*WHAT YOU NEED TO DO:*
What you should end up with is an exact copy of the lines from the one holding "本体・ざる:ステンレス鋼 ガラス蓋:強化ガラス、木(ウレタン塗装) |" through the last line of the entries below, both included, and nothing else; leave every picture out.

Collection entries
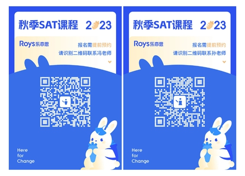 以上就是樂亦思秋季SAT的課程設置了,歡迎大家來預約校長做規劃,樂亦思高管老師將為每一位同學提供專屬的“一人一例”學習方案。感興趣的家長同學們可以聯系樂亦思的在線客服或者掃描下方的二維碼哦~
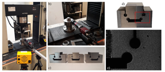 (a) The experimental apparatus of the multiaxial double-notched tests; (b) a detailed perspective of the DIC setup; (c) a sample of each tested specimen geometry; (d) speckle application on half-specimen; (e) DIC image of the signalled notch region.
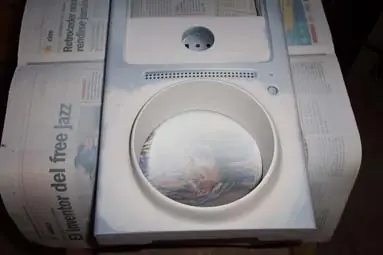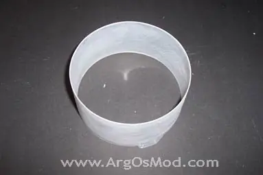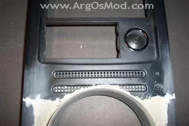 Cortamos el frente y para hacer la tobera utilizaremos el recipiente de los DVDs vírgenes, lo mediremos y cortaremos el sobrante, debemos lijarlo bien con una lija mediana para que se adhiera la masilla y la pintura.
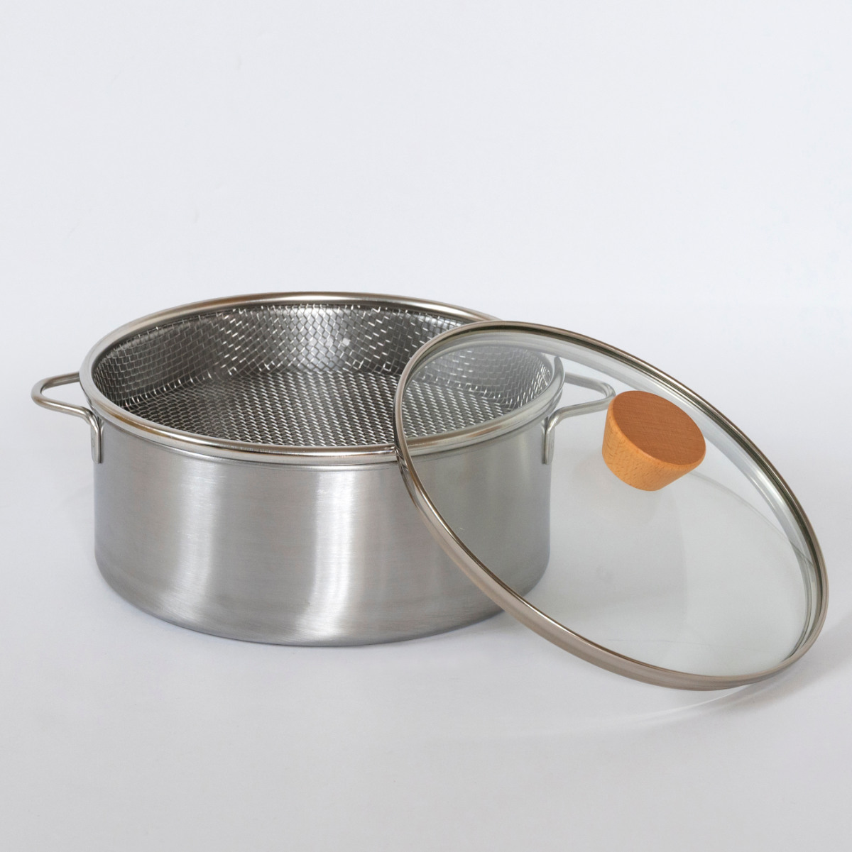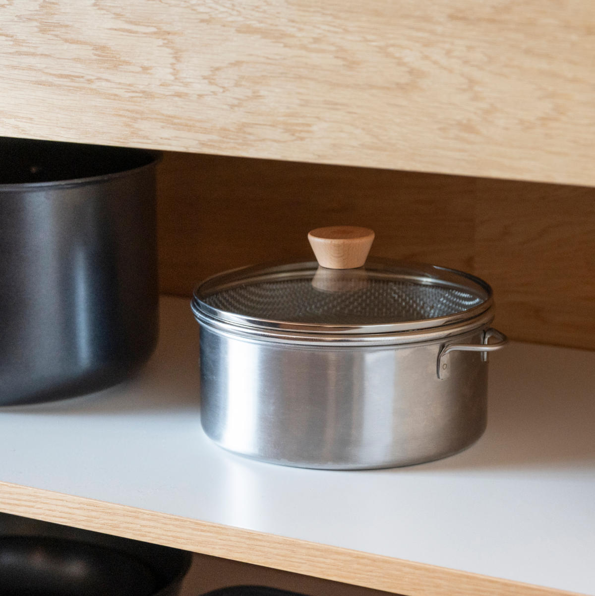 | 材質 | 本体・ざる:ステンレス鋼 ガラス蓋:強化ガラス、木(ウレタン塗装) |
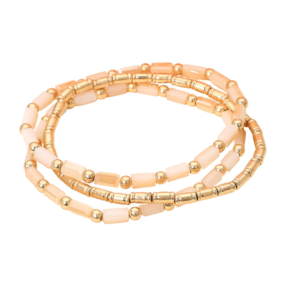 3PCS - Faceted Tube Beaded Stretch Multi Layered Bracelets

*WRITTEN ANSWER:*
 | 材質 | 本体・ざる:ステンレス鋼 ガラス蓋:強化ガラス、木(ウレタン塗装) |
 3PCS - Faceted Tube Beaded Stretch Multi Layered Bracelets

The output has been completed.